Taking its cues from a tidal wave of damning reports by Congress and the agency’s own inspector general that chronicled what went wrong in the response to Katrina, FEMA has rushed to reform its communication, logistics, transportation and procurement systems and replenish its depleted staff. But critics question whether the changes may prove too incremental to make up for gaps in leadership and expertise and an organizational structure that many seasoned emergency professionals say is fundamentally flawed.

FEMA is racing the clock to prove it is up to the task, and not only because hurricane season begins on Thursday. In May, after reviewing the response to Katrina, a bipartisan Senate panel called for elimination of the agency that for 27 years has been tasked with coordinating the federal response to disasters that overwhelm the resources of local and state government.

FEMA
John Brecher / MSNBC.com
Claudette Reddick sits in front of a moving van filled with her possessions at a FEMA group site in Buras, La. Reddick is moving her possessions inland because of the approaching hurricane season.

"We are going to make sure that we don't have another response like we had in Katrina,” new FEMA chief David Paulison promised lawmakers. Paulison, who took over on an interim basis from a bewildered Michael Brown, a political appointee, a few weeks after Katrina hit, was finally confirmed to the post last week by the Senate.

The changes made by Paulison, the former Miami-Dade fire chief, are drawn straight from the pages of the reports. In Katrina, supplies bound for disaster victims — essentials like ice, generators, water and meals — were misdirected, rerouted and delayed by impassable roads. This year, FEMA has a global positioning system — like those widely used by shipping companies and retailers — to track emergency provisions.

In a scramble to distribute emergency money to hundreds of thousands of people displaced by Katrina, FEMA lacked a reliable system to screen out fraudulent applications — resulting in millions of dollars of duplicate payments. This year, FEMA plans to use ChoicePoint, a company specializing in verifying identity, for all emergency aid applications, which it hopes will virtually eliminate the problem.

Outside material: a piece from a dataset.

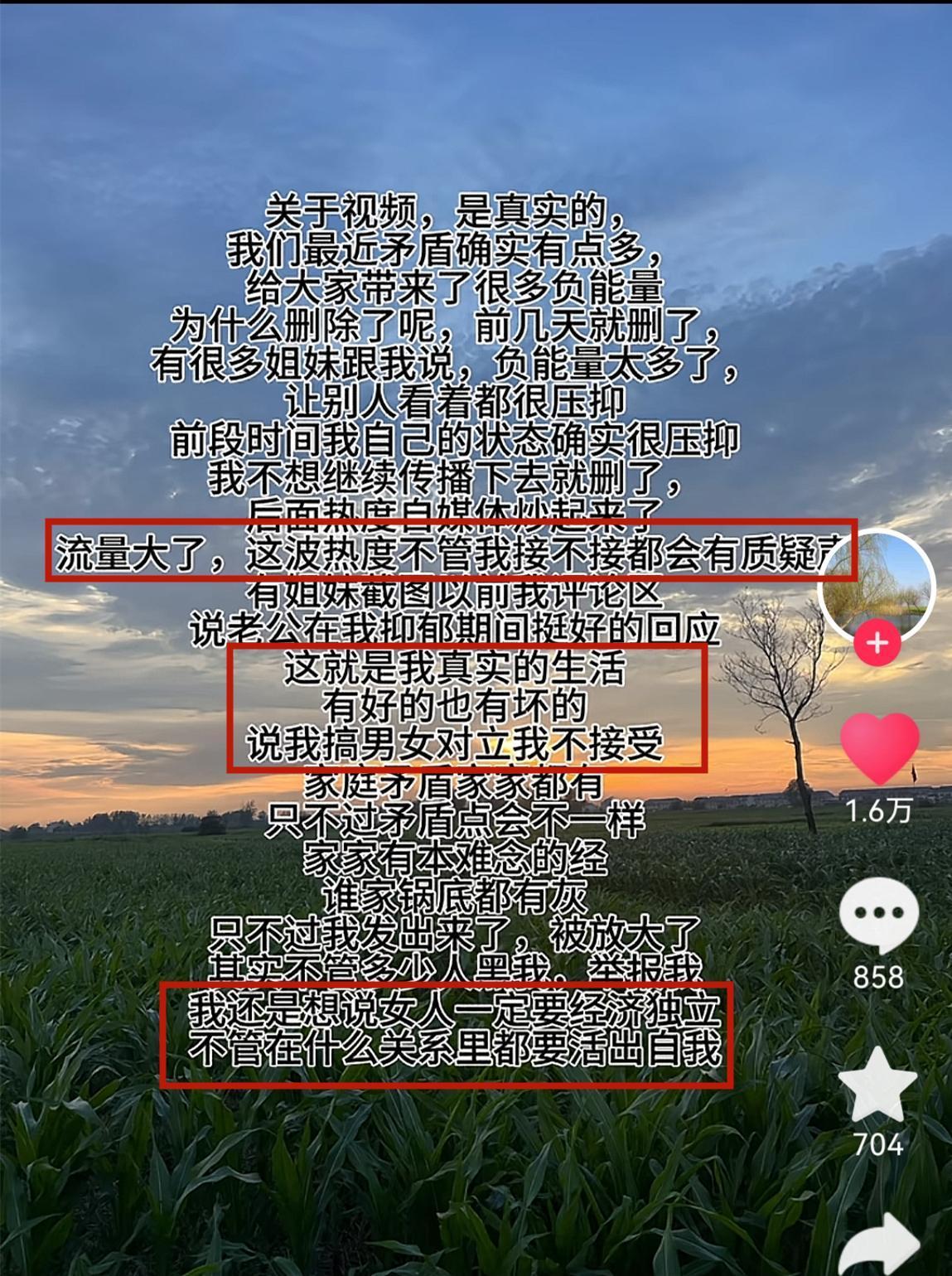 畢竟因爲她的視頻,她的丈夫遭遇了網友吐槽,但即使如此,她丈夫也沒有發聲譴責妻子。

Monumental blunder, televised
FEMA’s single most-monumental blunder after Katrina was its inability to render prompt assistance when Louisiana officials asked for help evacuating residents stranded in New Orleans and other nearby areas.

While local and state government shared responsibility for the debacle – broadcast live through horrifying images of thousands of increasingly desperate people stuck in New Orleans – it was FEMA’s inept response that drew the most outrage.

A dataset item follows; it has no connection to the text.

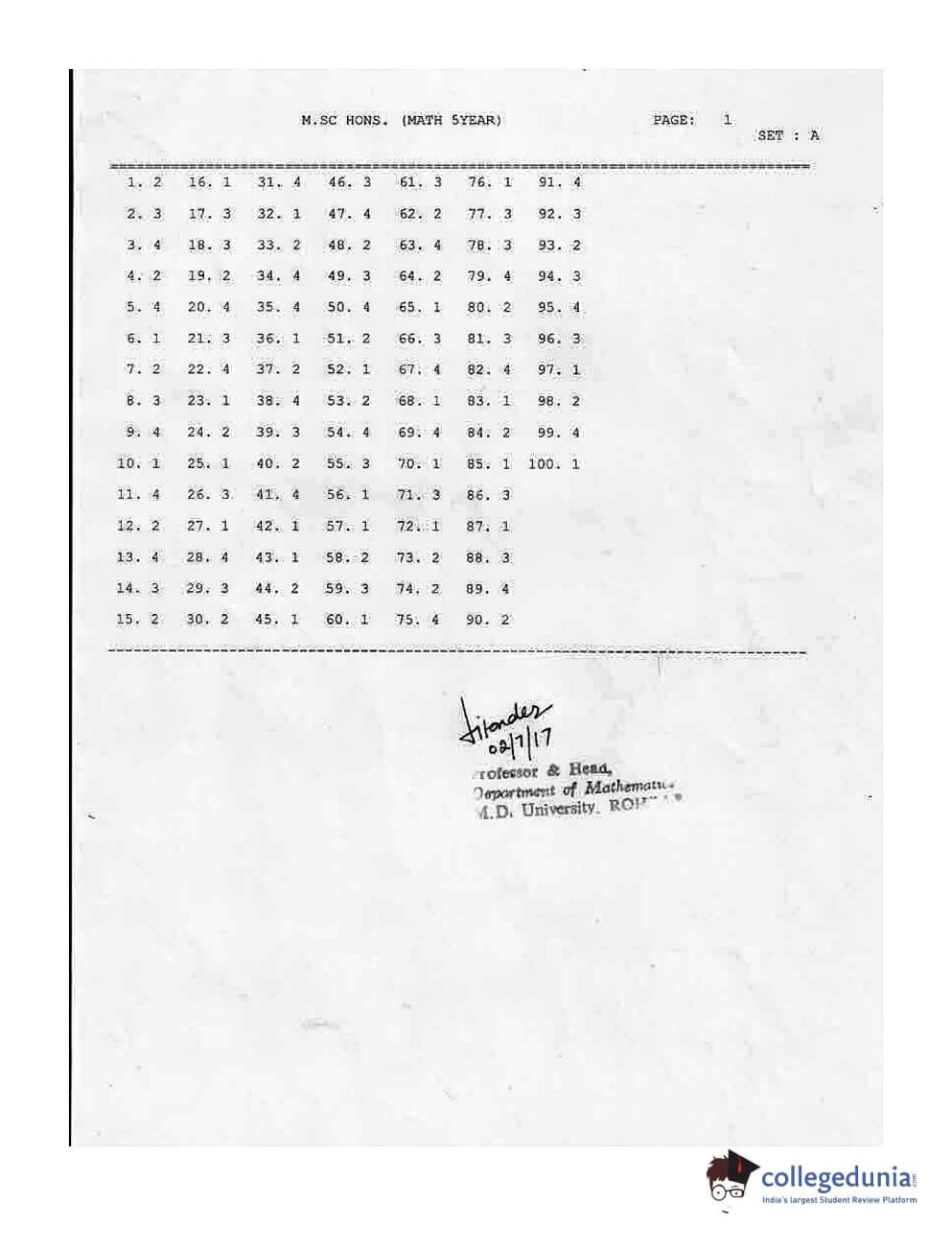 MDUCEE 2017 M.Sc. (Hons) Math 5 Year Integrated Set A Question paper with answer key pdf is available for download. The exam was successfully organized by Maharishi Dayanand University. The question paper comprised a total of 100 questions.

It took the agency two days to make its first request for buses, and they arrived in large numbers only four days after Katrina hit the city. The evacuation wasn't complete for another two days.

"These efforts were too little, too late," said a Senate report issued in May. "Tens of thousands of people were forced to wait in unspeakably horrible conditions until as late as Saturday (five days after Katrina struck) to be evacuated."

Part of the problem was a lack of backup communication systems to use when the whole region's landlines and cell phones were knocked out.

FEMA officials said that problem had been addressed by modernizing equipment, including the purchase of some 300 satellite phones that were used to good effect when Hurricane Wilma clobbered Florida in October.

But critics note that the agency has not solved one particularly vexing problem: the lack of an “interoperable” emergency communications system that would allow officials from federal, state and local agencies to easily talk to one another.

Critics also say the agency has to repair weak links between local officials and FEMA, which have badly frayed since 2002 – the year FEMA was absorbed into the vast new Department of Homeland Security. These ties, veteran FEMA officials say, are at the heart of coordinating relief and recovery.